On page 36 of Tenenbaum's book: introduction of analytic and probabilistic number theory, 3rd ed, AMS. it says that $$\sum_{n\leqslant x} \mu(n) \left \lfloor \frac{x}{n} \right \rfloor = 1$$ suggests $$\lim_{x \rightarrow \infty} \sum_{n \leqslant x} \frac{ \mu(n)}{n} = 0$$ This $\mu(n)$ is Mobius function.
But I let $\left \lfloor \frac{x}{n} \right \rfloor = \frac{x}{n} + O(1)$, then I can only get $$\lim_{x \rightarrow \infty} \sum_{n \leqslant x} \frac{ \mu(n)}{n} = O(1)$$
For proving the claim in a easy way we have to use the PNT in the form $$\lim_{x\rightarrow\infty}\frac{M\left(x\right)}{x}=0\tag{1} $$ where $M\left(x\right)=\sum_{n\leq x}\mu\left(n\right) $ is the Mertens function.
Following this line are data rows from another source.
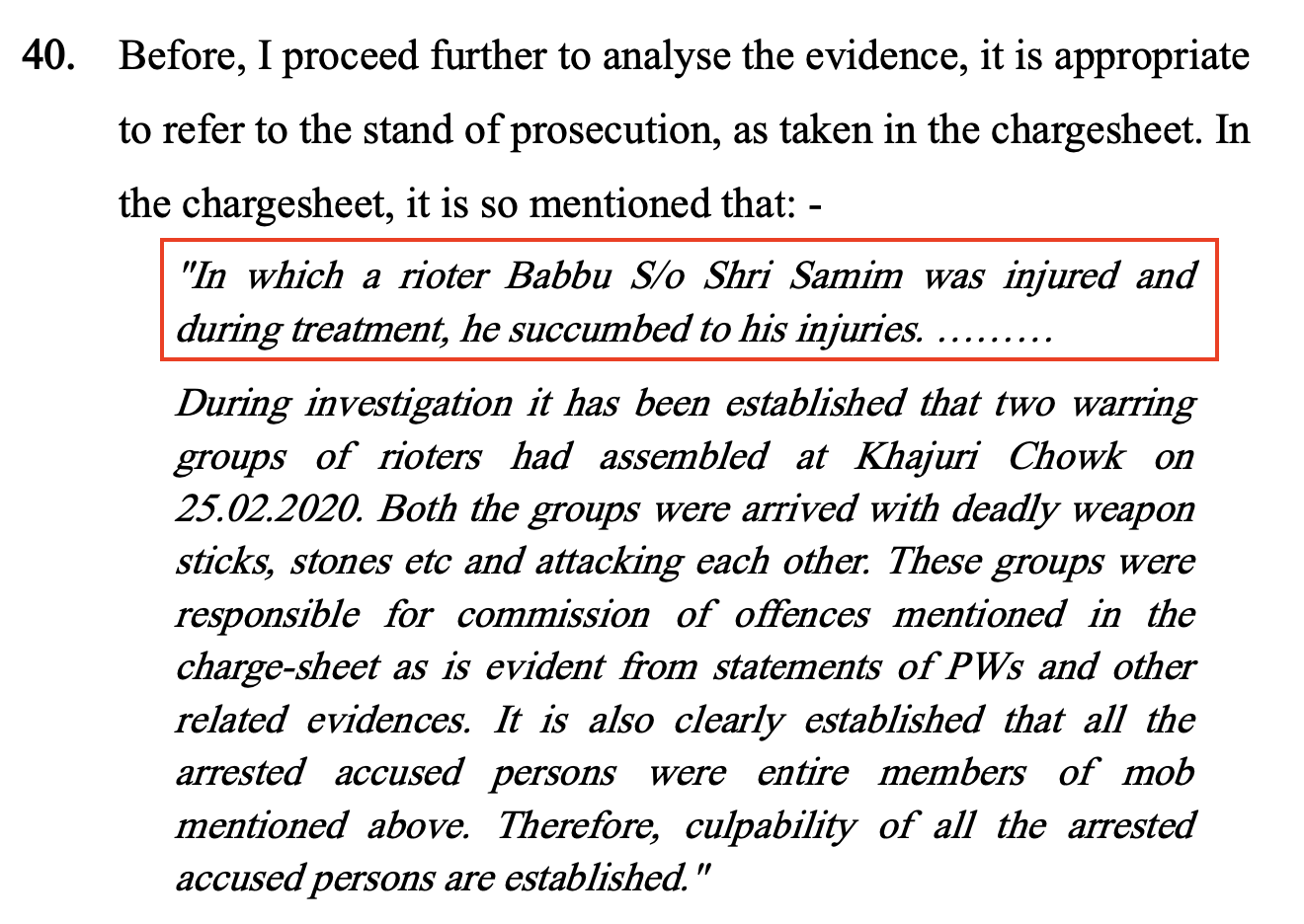 The chargesheet itself refers to a different case being investigated i.e. FIR no. 103/20 by SI Naveen, wherein all these aforesaid accused persons were arrested. FIR 103/20 was also registered in respect of an incident taken place at the same place during same time period, wherein Ct. Amit had sustained fracture in his hand. This example is sufficient to say that for any other riotous activity of aforesaid accused persons, they should have be separately booked. They cannot be prosecuted in this case, which relates to culpable homicide of Babbu. In this case, court has to look for culpability of accused persons, who are connected with incident of beating of Babbu, which resulted into his death.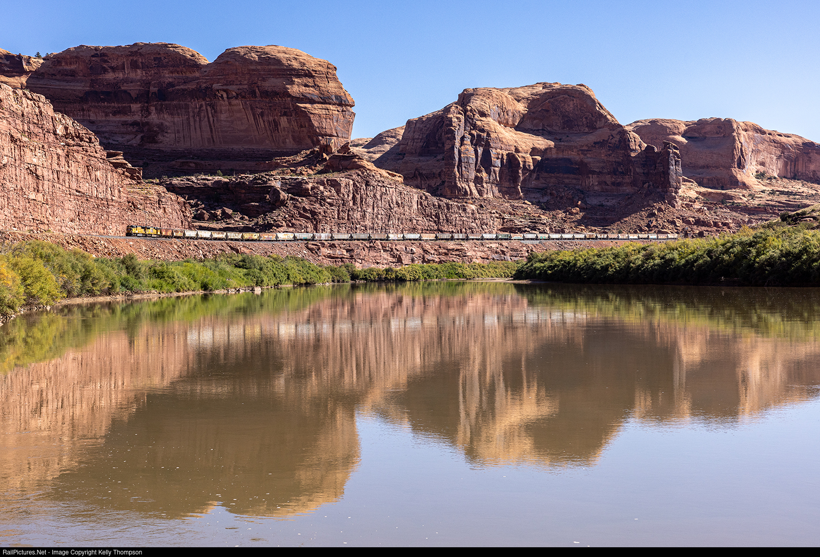 UP 4857 follows the Colorado River through Moab on their way to Intrepid Potash.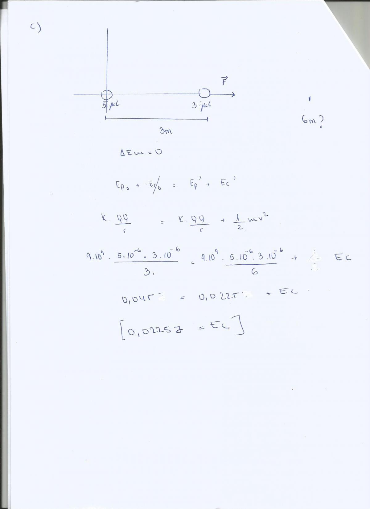 C) Si dejamos ir esta segunda carga desde el reposo cuando esta a 3 m, cual sera su energía cinética cuando esté a 6m del origen?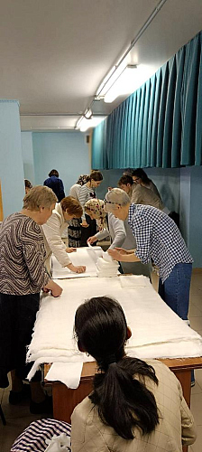По окончанию концерта, прихожане приняли участие в подготовке медикаментов и бинтов для участников СВО, приобретенных на средства полученные с Пасхальной благотворительной ярмарки.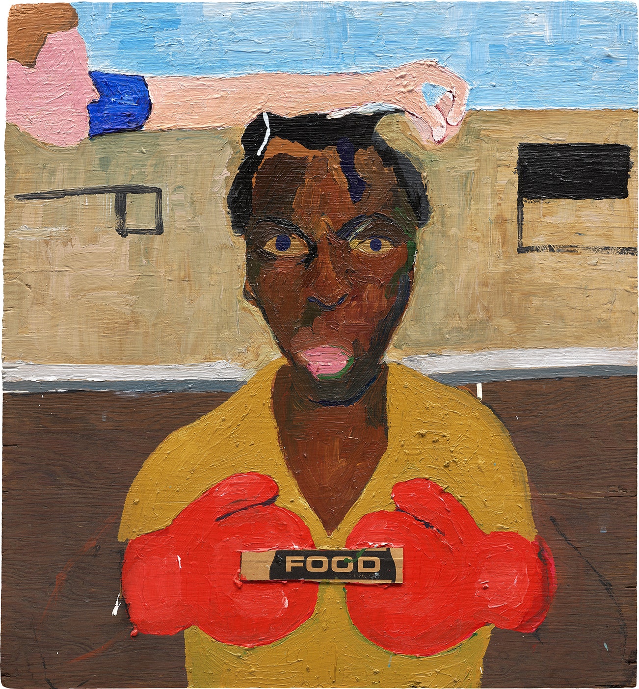 acrylic and cardboard collage on panel

Since $\sum_{n\leq x}\mu\left(n\right)\left\lfloor \frac{x}{n}\right\rfloor =1 $ we have $$1=\sum_{n\leq x}\mu\left(n\right)\left\lfloor \frac{x}{n}\right\rfloor =x\sum_{n\leq x}\frac{\mu\left(n\right)}{n}-\sum_{n\leq x}\mu\left(n\right)\left\{ \frac{x}{n}\right\} $$ where $\left\{ x\right\} $ is the fractional part of $x$. So $$x\left|\sum_{n\leq x}\frac{\mu\left(n\right)}{n}\right|=\left|1-\sum_{n\leq x}\mu\left(n\right)\left\{ \frac{x}{n}\right\} \right| $$ $$\leq1+\sum_{n\leq x}\left\{ \frac{x}{n}\right\} =1+\left\{ x\right\} +\sum_{2\leq n\leq x}\left\{ \frac{x}{n}\right\} $$ $$\leq1+\left\{ x\right\} +\left\lfloor x\right\rfloor -1=x $$ hence $$\left|\sum_{n\leq x}\frac{\mu\left(n\right)}{n}\right|\leq1.\tag{2} $$ Now if we put $$A\left(x\right)=\sum_{n\leq x}\frac{\mu\left(n\right)}{n} $$ we have, using Abel's summation, that $$M\left(x\right)=\sum_{n\leq x}\frac{\mu\left(n\right)}{n}n=xA\left(x\right)-\int_{1}^{x}A\left(t\right)dt $$ and from $(2)$ we observe that if we fix $\epsilon>0 $ we have that exists some $c>0$ depending only on $\epsilon $ such that $\left|A\left(x\right)\right|<\epsilon $ if $x\geq c $. So $$\int_{1}^{x}\left|A\left(t\right)\right|dt=\int_{1}^{c}\left|A\left(t\right)\right|dt+\int_{c}^{x}\left|A\left(t\right)\right|dt $$ $$\leq c-1+\epsilon\left(x-c\right) $$ hence $$\left|A\left(x\right)\right|\leq\left|\frac{M\left(x\right)}{x}\right|+\frac{1}{x}\int_{1}^{x}\left|A\left(t\right)\right|dt\leq\left|\frac{M\left(x\right)}{x}\right|+\epsilon $$ and using $(1)$ and the arbitrariness of $\epsilon $ we can conclude. NOTE: this proof is classical and it is taken from Apostol, Introduction to Analytic Number Theory.